Major characteristics of the transcriptome assembly
Table 1 summarizes the major characteristics of our transcript assembly. As shown in Table 1, the contig length for all 32,619 contigs ranges from 91 to 29,281 nt, with the N50 of 1,167 nt. Among them, 99.1% (i.e., 32,319 out of 32,619) has a length of ≥ 500 nt, 37.5% (i.e., 12,225 out of 32,619) has a length of ≥ 1,000 nt, and 0.1% (i.e., 44 out of 32,619) has a length of ≥ 5,000 nt.
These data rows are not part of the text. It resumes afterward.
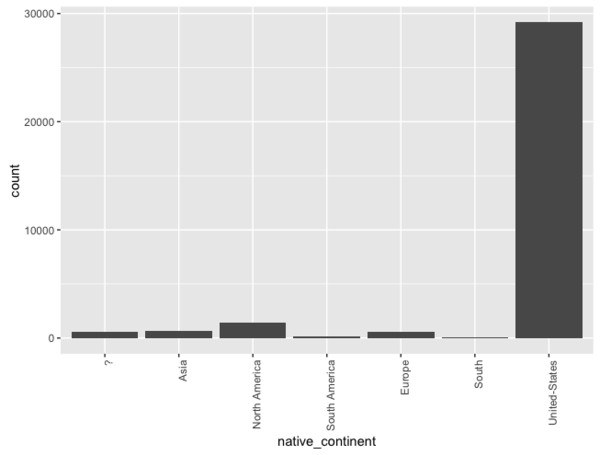 adult$native_continent = mapvalues(adult$native_country, from=c(" Mexico", " Canada", " Cuba",
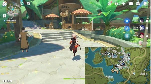 7、前往须弥城酒馆锚点,前往咖啡馆门口,与迪希雅等对话1分钟。
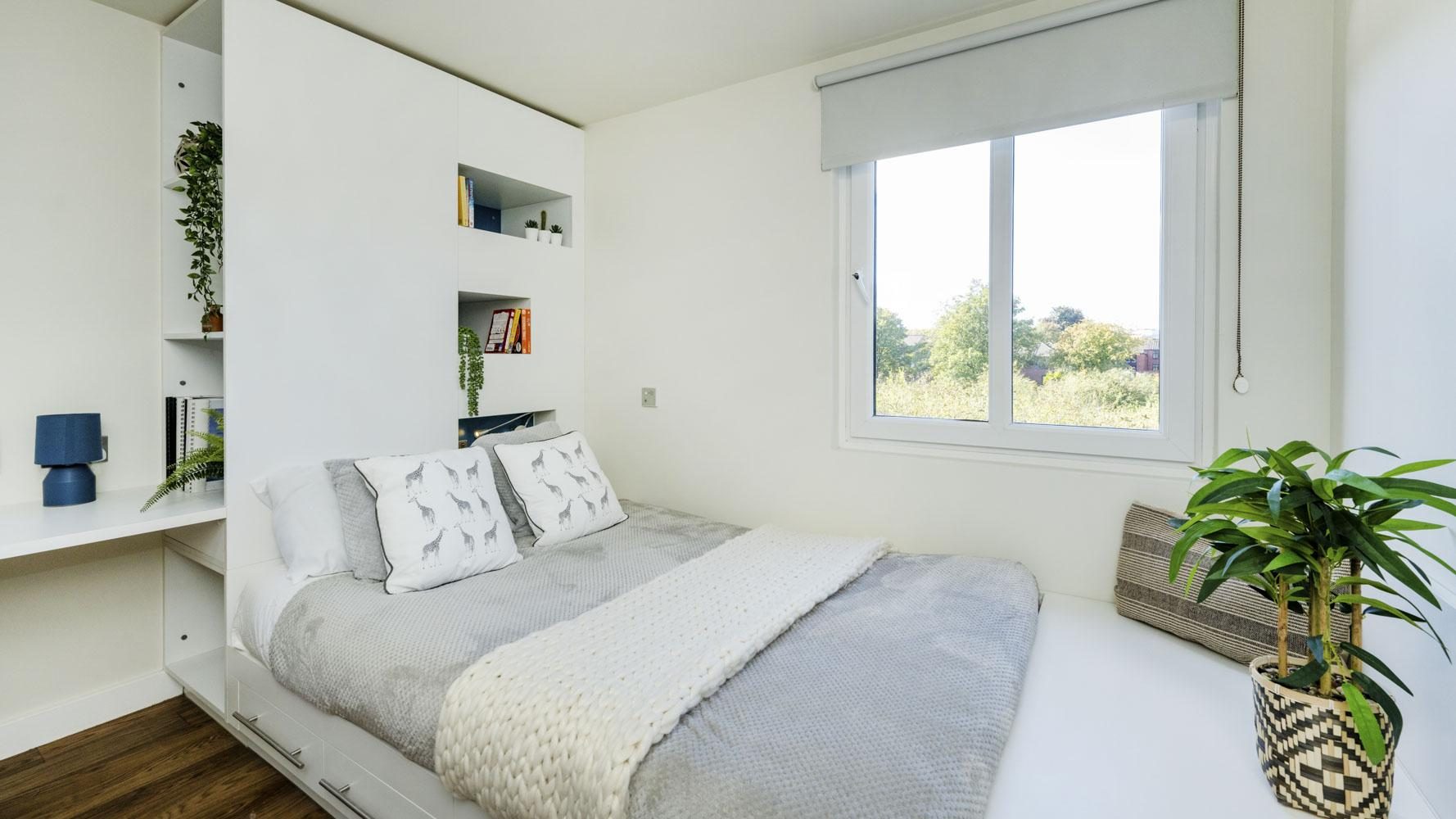 The largest of our room styles measuring 28sqm, this room comes equipped with a double bed, kitchenette, large wet room, desk space and dining table with chairs. Within your very own kitchen space you’ll find a sink, microwave, oven, fridge, freezer and a hob so you’ll be able to cook as much as you like. This luxurious room also features a double study desk so you can invite a friend over to work with you with your two desk chairs! If you’re keen to meet new people, then head downstairs to our sociable spaces like the picture house or the games room.
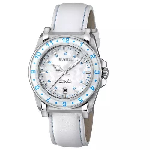 Cassa in acciaio 37,5 mm. • Lunetta con inserto in vetro • Quadrante in madreperla bianca. • Datario. • Sfere con luminous. • W.R. 10 atm. • Cinturino in pelle bianca • Chiusura ad ardiglione no scatola/garanzia Breil.

The maximum sequence reads for single contig is 505,778, with the coverage of 62,678. For functional annotation, 59.9% contigs (i.e., 19,592 out of 32,619) has valid GO annotation, 23.7% (i.e., 7,744 out of 32,619) has valid EC annotation, and 29.4% (i.e., 9,604 out of 32,619) has valid KEGG annotation (see Table 1). For polymorphism, we have detected a total of 448,598 putative polymorphic positions along all contigs, which means approximate 14 per contig. Among these polymorphic positions, we identified 1,076,427 putative SNPs and single indels >(i.e., 33 per contig) and 64,860 (i.e., 2 per contig) mismatches/indels of ≥ 1 nt in size. For simple sequence repeat, we have found 812 different kinds of SSR (e.g., AAG, AG, ATC, AAT are among the most frequently occurred SSRs) and a total of 30,195 putative SSRs for all contigs, which means approximate 1 per contig.
Table 1. Major characters of the peanutDB transcriptome assembly1
As shown in Figure 1, PeanutDB web interfaces can be essentially categorized into three types: data grid views, sequence view and alignment view.
Figure 1. The snapshots of PeanutDB web interfaces. Panel A: the major web portal. Panel B1: The data grid view shows EC annotation within Contig Annotation. Panel B2: The data filter for data grid views. Panel C: the sequence viewer shows multiple functions for sequence manipulation. Panel D1: the alignment view in bird’s-eye resolution. Panel D2: the alignment view in nucleotide resolution that displays and highlights the differences between contig sequence and individual sequence reads.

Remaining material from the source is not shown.